Sunday, April 22, 2018

Sermon: Jubilate (Easter 4) - 2018




22 April 2018

Text: John 10:11-16 (Ezek 34:11-16, 1 Pet 2:21-25)

In the name of + Jesus.  Amen.

Christ is risen!  He is risen indeed!  Alleluia!

Our Lord Jesus Christ died on the cross, was buried, and rose again.  For forty days, He appeared and preached and taught.  He baffled the authorities and filled the disciples with courage.  But this period of mentoring is drawing to a close.  The Lord will soon ascend to the Father, and “in a little while,” the Church will not see Him. 

At least not in the same way.

He will no longer walk and talk and eat with the disciples.  When they want to speak to Him, they will pray.  When they want to hear His Word, they will read the scriptures in the assembly.  When they want to hear His forgiveness, they will declare it in His name.  And when they wish to experience Him in the flesh, it will be through the Lord’s Supper.

And after a “little while,” says our Lord, we will see Him again.  He will return to turn our sorrow into joy: the sorrow of the fallenness of this world, to be changed into the joy of a new heaven and a new earth.

We wait for Him to return, dear friends, even as the angels told the disciples as they watched Him ascend into the heavens that He would indeed return.

This return, dear friends, is when we will see Him again, and when our “hearts will rejoice.”  It will be a “little while.”  Indeed, a “little while longer.”

But how impatient we are!  Instead of keeping our eyes on the prize of the promise, we wallow in self-pity and complaint of the cross.  We watch the world rejoice at our pain, our misery, our abuse – and we are indeed sorrowful.  We are often defeated in this hateful culture – by people who lie about us, about our faith, about our Savior, by people in power who abuse that authority given them from above, using that power to coerce, to torture, to curtail the liberties of our brothers and sisters around the world, and even here in our own country.

We are watching the world decay into not merely madness, but into a seething rage, a scapegoating our people in ways not seen since the days of the maniacal emperors of Rome.

St.
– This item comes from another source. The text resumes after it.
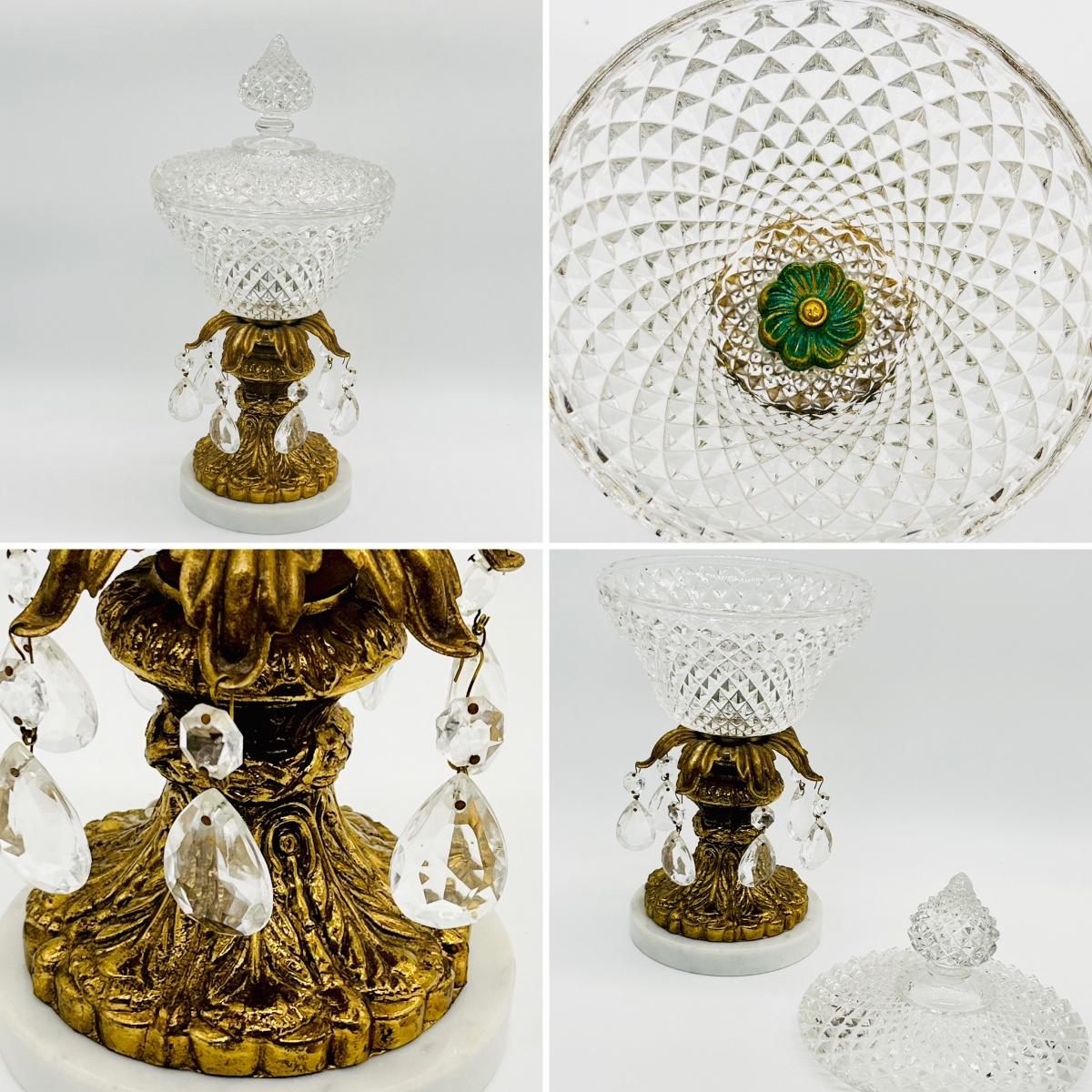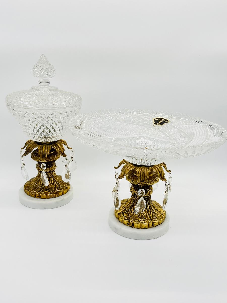 MONARCH CRYSTAL ~ Vtg. Brass Pedestal Tray & Lidded Jar

Peter bids us to endure the privations placed upon us by emperors and Supreme Courts.  And when we are treated unjustly and yet endure the sorrows, “this is a gracious thing.”  Our forbearance in this fallen and violent world is a confession of faith – faith in something better to come.  We don’t have to overthrow the empire, for Jesus did that very thing, bringing the emperor Constantine to the faith without firing a single arrow, without rising up in mutiny, without living by the sword, which certainly means to die by the sword.

Our suffering is not a small thing, nor is our suffering in vain.  “So also,” says our Lord, “you have sorrow now, but I will see you again and your hearts will rejoice, and no-one will take your joy away from you” – no one, dear friends, not a mentally unstable emperor, not a crooked court, not a culture of death, not swarms of people filled with hatred and rage, not Communists, not Nazis, not secularists, not even our own sinful flesh – will take our joy from us.

The Lord compares this “little while” of weeping and lamenting to the “anguish” of giving birth.  Labor pains and birth pangs are excruciating, but when they are over, they are over.  And instead of haunting memories of agony, there is rather “joy that a human being has been born into this world.”

Our Lord teaches us that our burdens and crosses that plague us, that beat us down, that wear us out in body and in mind, the things that vex us, perplex us, anger us, hurt us, and seem to have no end – will indeed one great day come to a screeching halt, never to be repeated again. 

We live for this great day, dear friends!  And it is the promise of this New Day that empowers us to survive and to endure the present days of suffering and strife, the time of the cross.  For we know that after Good Friday comes Easter.  And we know that the Lord goes away for a “little while,” and we know that we will see Him again. 
We know that “He does not faint or grow weary; His understanding is unsearchable.”  But what’s more, “He gives power to the faint, and to him who has no might, he increases strength.  Even youths shall faint and be weary, and young men shall fall exhausted; but they who wait for the Lord shall renew their strength; they shall mount up with wings like eagles; they shall run and not be weary; they shall walk and not faint.”

So, dear friends, let us not be puzzled like the disciples were, wanting to ask Him but perhaps afraid.  Let us pray fervently for His return, for our suffering to end, for the birth pangs of the fallen world to be replaced by a new and greater world, and above all, let us rejoice that a human being has been born into the world, a unique Human Being who is truly human, bearing completely the image and likeness of God, for He is God, even Jesus Christ our Lord, the man of sorrows whose suffering won true joy for us.

Let us yearn for that great and wondrous day when He will see us again, and our hearts will rejoice, and no one will take our joy from us!  Amen.

Christ is risen!  He is risen indeed!  Alleluia!

In the name of the Father and of the + Son and of the Holy Spirit.  Amen.